Just glad we got there before they started putting down the asphalt!

Since we have retired and been on the road, our anniversary has been celebrated in some interesting places. Being big foodies, we always seem to find a wonderful, intimate restaurant where we can raise a glass of bubbly and marvel how we continue to put up with each other. Yep, I am such a romantic!!!

This year when planning our Hwy 101 road trip, Bandon Oregon seems like a great place to spend our anniversary. Thanks to Yelp, Google and Trip Advisor I found the perfect restaurant to celebrate our 27th anniversary.

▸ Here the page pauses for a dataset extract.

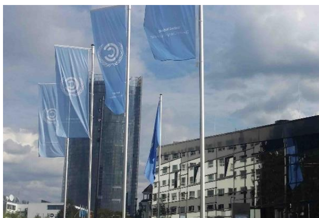
A szakértői tárgyalások helyszíne: a Bonni Világkongresszusi Központ

Az ENSZ Éghajlatváltozási Keretegyezményét 2 1992-ben fogadták el azzal a célkitűzéssel, hogy a nemzetek közös erőfeszítéssel megakadályozzák a veszélyes következményekkel járó globális éghajlatváltozás kialakulását. Az egyezménynek 196 részese van (195 ország és az EU). 1997-ben készült el az egyezmény Kiotói Jegyzőkönyve 3 , amelynek értelmében a fejlett országok az üvegházhatású gázok mintegy 5%-os kibocsátás-csökkentését vállalták 2012 végére az 1990. évi szinthez képest. A Jegyzőkönyv hatálybalépését követően – tíz évvel ezelőtt – született meg az elhatározás arról, hogy a globális probléma miatt egyeztetéseket kell kezdeni az addigiaknál sokkal komolyabb lépésekről 4 . Annak ellenére, hogy nemzetközi és sok országban nemzeti szinten is történtek különféle klímapolitikai intézkedések, mégis a probléma kialakulásáért felelőssé tett gázok kibocsátása összességében gyorsan növekedett.

The Alloro Wine Bar was delightful as was the personable owner and all the staff. Knowing it was our anniversary, they started us with a complementary glass of sparkling wine. Our dinner was fabulous and the sunset that followed that evening was a spectacular gift to end the evening with.

Our home for the four day stay in Bandon was at the Bullard Beach State Park. Oregon knows how to do state parks right…plenty of spaces that accommodate big-ass RV’s, full hookups with sewer, nice natural landscaping between the large sites. All this for a mere $31 per night. Bonus points for a light house, horse camp and free-range, wild turkeys that visited us every day. The Oregon State Parks online reservation system is one of the better ones I haves used, very user friendly and intuitive.

Of course, Bentley loved the beach and the biking around the park was fun too. Well, except the day I decided to ride to the light house not knowing the wind was howling. The ride out was great with the wind at my back but coming back about killed me…I could barely make any head way except if I laid over the handle bars and petaled like a crazy woman. FYI, this light house isn’t operational anymore but it is fun to check out.

Speaking of light houses, if you are a fan, I highly recommend a visit to the Cape Blanco State Park in Port Orford. The light house there is fully operational, open for tours and has the original Fresnel lens. We had a great tour by a husband and wife volunteer team. The history of the light house is well documented and fascinating. It was a beautiful clear day and the view from the inside of the light tower was spectacular. Loved the reflections off the lens as it slowing rotated.

Erected in 1870, the lighthouse stands on Oregon’s farthest west point of land and is the oldest one continually operating in Oregon. It holds the record for having the longest serving Light House Keeper too: James Langlois worked here for 42 years. James Hughes, born on a nearby ranch, served at this light station for 37 years as well.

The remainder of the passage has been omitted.